May 2, 2018. The month of May seemed to be getting off to a good start. According to Mom, she had been successful in getting Dad to walk a little around the house. My heart almost stopped when she told me that she also took Dad to his barber for a haircut. Although you can park in front of the barber shop, it’s not exactly an accessible trip from the parking lot into the shop. Had I known in advance about this excursion, I would have been a nervous wreck worrying that he might fall while negotiating the front walkway. I was glad that I didn’t learn about this outing until after the fact.
When I spoke to Mom on the following day, she told me that Dad had had a good day in physical therapy and that they both liked the new therapist.
I had been in Johnson City for a workshop and had planned to spend the night there. Because I felt like I was coming down with a cold, I decided to drive to my parents’ house tonight instead of tomorrow morning.
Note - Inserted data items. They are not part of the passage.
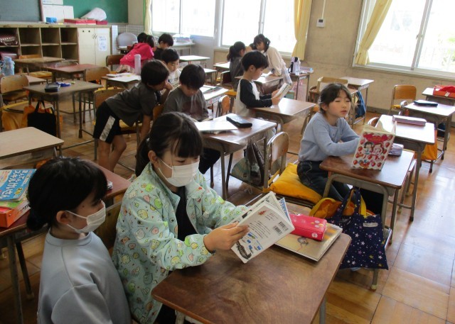 休み時間には、図書館で借りた本をじっくりと読む姿も見られました。
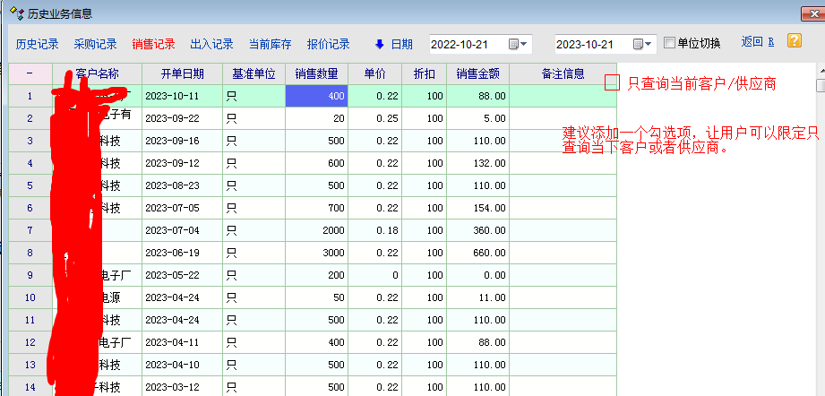 在物资单据中通过快捷键查询历史价格时默认显示所有客户(供应商)的价格的,建议添加个勾选项,可以让用户可以决定查询是当前客户(供应商)的历史价格还是所有客户(供应商)的记录。一般情景下给当前客户(供应商)开单,我们只需要查询、关注当前客户(供应商)的记录,这样子效率会高很多。
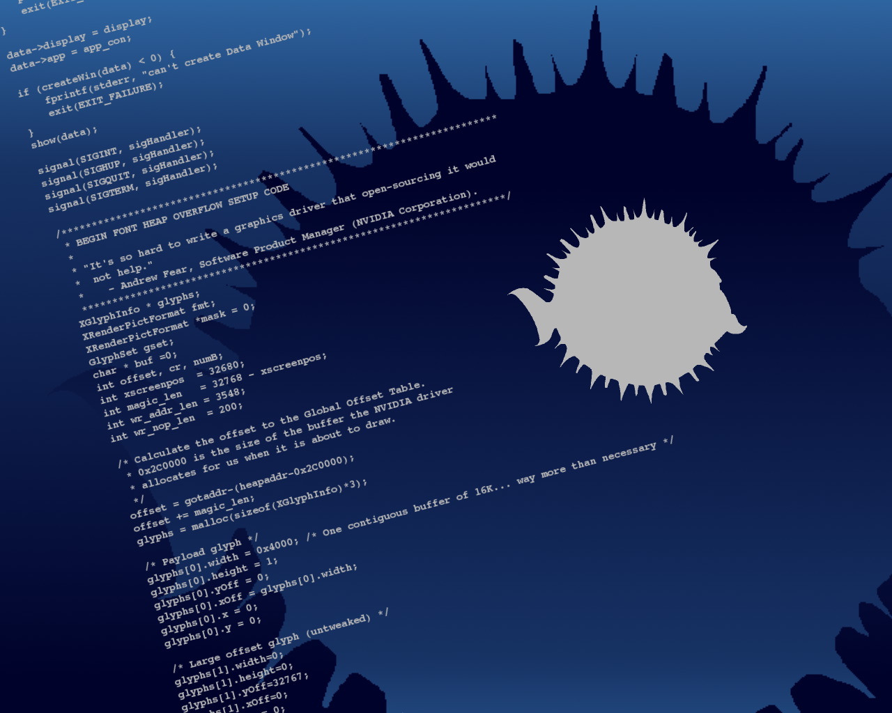 Description: A computer screen with a fish on it's side and a computer code in the background that says.

I wasn’t happy to be visiting them when I was sick, but Mom was looking forward to seeing me that weekend, sick or not. I’d had to be vigilant with my hand washing to ensure that I didn’t spread my cold germs around their house.
May 11. Mom is a meat-and-potatoes gal from way back, so for Mother’s Day, I thought that I would serve her filet mignon. I purchased some nice steaks and side dishes from Omaha Steaks for our early Mother’s Day dinner tomorrow night. Shortly after Stan got home from work, we drove to Temple for the weekend.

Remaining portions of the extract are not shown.